Comparative Analysis of Hardware Performance Metrics

This white paper presents a comparative analysis of hardware performance metrics across various systems, including Redundant Web Services (RWS) virtualized and bare-metal environments, as well as dedicated GPU instances. The data evaluated encompasses CPU, GPU, memory, storage, and machine learning benchmarks, offering insights into the strengths and weaknesses of each configuration.

Key Findings

  • CPU Performance: Single-core and multicore performance varied significantly between virtualized and bare-metal systems.
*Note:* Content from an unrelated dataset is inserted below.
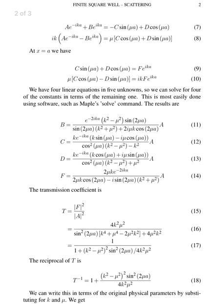- Clarifications are made regarding the applicability of certain equations to bound states versus scattering states, with some asserting that E>0 states will always have a non-zero probability of transmission.

The bare-metal system exhibited superior single-core performance, while the virtualized system excelled in multicore performance.
  • GPU Performance: GPU clock speeds and computational performance (GFLOPS) were considerably higher on dedicated GPU instances (Tesla K80, P100, V100) compared to the integrated graphics of the virtualized and bare-metal systems. This disparity was particularly evident in Geekbench GPU scores and ML benchmark results.
  • Memory Performance: Memory bandwidth and latency were generally consistent across systems, with the bare-metal system demonstrating a slight advantage in bandwidth.
  • Storage Performance: The virtualized system outperformed the bare-metal system in random write IOPS and read/write speed, while the bare-metal system showed better random read IOPS.
  • Machine Learning Benchmarks: Dedicated GPU instances significantly outperformed CPU-based systems in all ML benchmarks, highlighting the importance of hardware acceleration for machine learning workloads. The V100 consistently delivered the best performance, followed by the P100 and then the K80.

Implications

  • Virtualized Impact: Virtualization can impact CPU performance, particularly single-core performance. However, the effect on other metrics, such as memory and storage performance, is less pronounced.
  • Cost-Performance Analysis: A cost-performance analysis would help determine the most cost-effective hardware configuration for different use cases.
  • Emerging Technologies: Investigating the performance of emerging technologies, such as FPGAs and specialized AI accelerators, would provide insights into their potential benefits for specific applications.

Benchmark Results

The data on these charts were calculated using Geekbench 6. We showcase results from a few different categories including single-core performance, multi-core performance, bandwidth, latency, random read/write speeds, and sequential read/write speeds.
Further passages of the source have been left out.